Exercise ->
Among the lines of data below, reproduce only those from the one with "These November birthstone" through the one with "9.4x9x6.9mm 1.5mm行程立式 實(shí)現(xiàn)無鉛焊接表面貼裝的按動開關(guān)。", exactly as they stand, both ends included.

Materials provided ->
● ● ● ●

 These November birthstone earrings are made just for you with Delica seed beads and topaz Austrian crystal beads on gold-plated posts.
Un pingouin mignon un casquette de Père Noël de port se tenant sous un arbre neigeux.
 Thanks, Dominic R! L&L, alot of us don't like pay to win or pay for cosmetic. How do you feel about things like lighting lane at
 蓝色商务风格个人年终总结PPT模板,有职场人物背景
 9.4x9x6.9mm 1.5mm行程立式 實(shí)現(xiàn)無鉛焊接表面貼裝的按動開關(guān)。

● ● ● ●

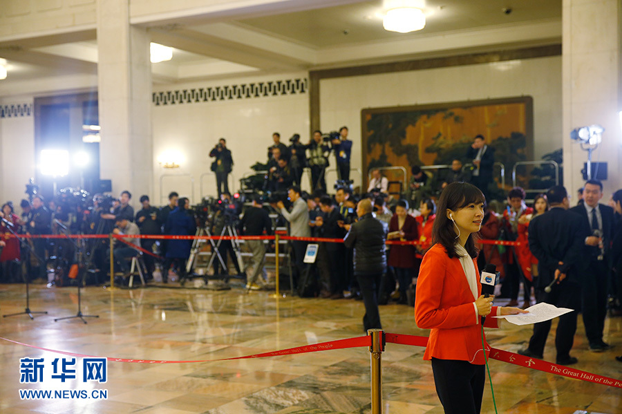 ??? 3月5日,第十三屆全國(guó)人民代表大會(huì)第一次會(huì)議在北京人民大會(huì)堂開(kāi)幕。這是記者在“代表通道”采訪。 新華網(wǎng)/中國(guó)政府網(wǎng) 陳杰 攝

● ● ● ●

Result ->
 These November birthstone earrings are made just for you with Delica seed beads and topaz Austrian crystal beads on gold-plated posts.
Un pingouin mignon un casquette de Père Noël de port se tenant sous un arbre neigeux.
 Thanks, Dominic R! L&L, alot of us don't like pay to win or pay for cosmetic. How do you feel about things like lighting lane at
 蓝色商务风格个人年终总结PPT模板,有职场人物背景
 9.4x9x6.9mm 1.5mm行程立式 實(shí)現(xiàn)無鉛焊接表面貼裝的按動開關(guān)。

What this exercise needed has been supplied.